CVE-2013-1685 (http://nvd.nist.gov/nvd.cfm?cvename=CVE-2013-1685):
  Use-after-free vulnerability in the nsIDocument::GetRootElement function in
  Mozilla Firefox before 22.0, Firefox ESR 17.x before 17.0.7, Thunderbird
  before 17.0.7, and Thunderbird ESR 17.x before 17.0.7 allows remote
  attackers to execute arbitrary code or cause a denial of service (heap
  memory corruption) via a crafted web site.

CVE-2013-1684 (http://nvd.nist.gov/nvd.cfm?cvename=CVE-2013-1684):
  Use-after-free vulnerability in the
  mozilla::dom::HTMLMediaElement::LookupMediaElementURITable function in
  Mozilla Firefox before 22.0, Firefox ESR 17.x before 17.0.7, Thunderbird
  before 17.0.7, and Thunderbird ESR 17.x before 17.0.7 allows remote
  attackers to execute arbitrary code or cause a denial of service (heap
  memory corruption) via a crafted web site.
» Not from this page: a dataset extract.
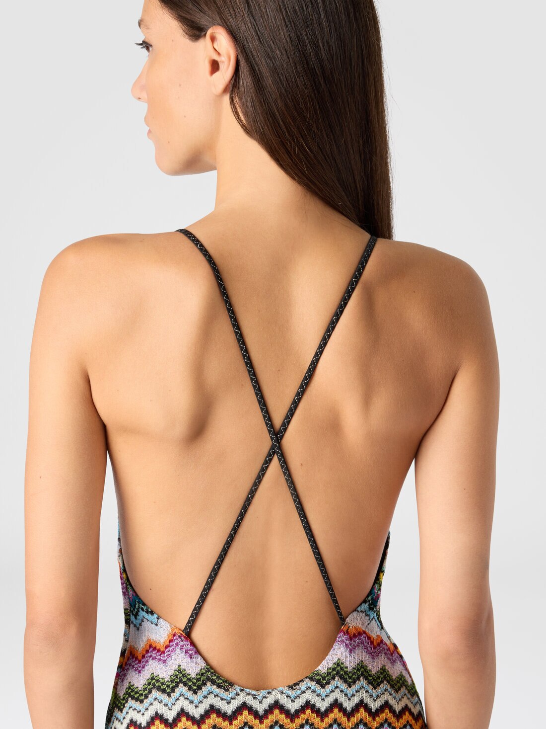 Missoni’s micro zigzag motif is reinvented in a contemporary way with a refined pixel effect. This women’s one-piece swimsuit in viscose lamé, featuring a V-neckline and a twisted back detail, fuses craftsmanship and modern allure in a perfect balance of light and movement.

CVE-2013-1683 (http://nvd.nist.gov/nvd.cfm?cvename=CVE-2013-1683):
  Multiple unspecified vulnerabilities in the browser engine in Mozilla
  Firefox before 22.0 allow remote attackers to cause a denial of service
  (memory corruption and application crash) or possibly execute arbitrary code
  via unknown vectors.

CVE-2013-1682 (http://nvd.nist.gov/nvd.cfm?cvename=CVE-2013-1682):
  Multiple unspecified vulnerabilities in the browser engine in Mozilla
  Firefox before 22.0, Firefox ESR 17.x before 17.0.7, Thunderbird before
  17.0.7, and Thunderbird ESR 17.x before 17.0.7 allow remote attackers to
  cause a denial of service (memory corruption and application crash) or
  possibly execute arbitrary code via unknown vectors.
Comment 11 GLSAMaker/CVETool Bot gentoo-dev 2013-09-30 00:29:23 UTC
This issue was resolved and addressed in
 GLSA 201309-23 at http://security.gentoo.org/glsa/glsa-201309-23.xml
by GLSA coordinator Chris Reffett (creffett).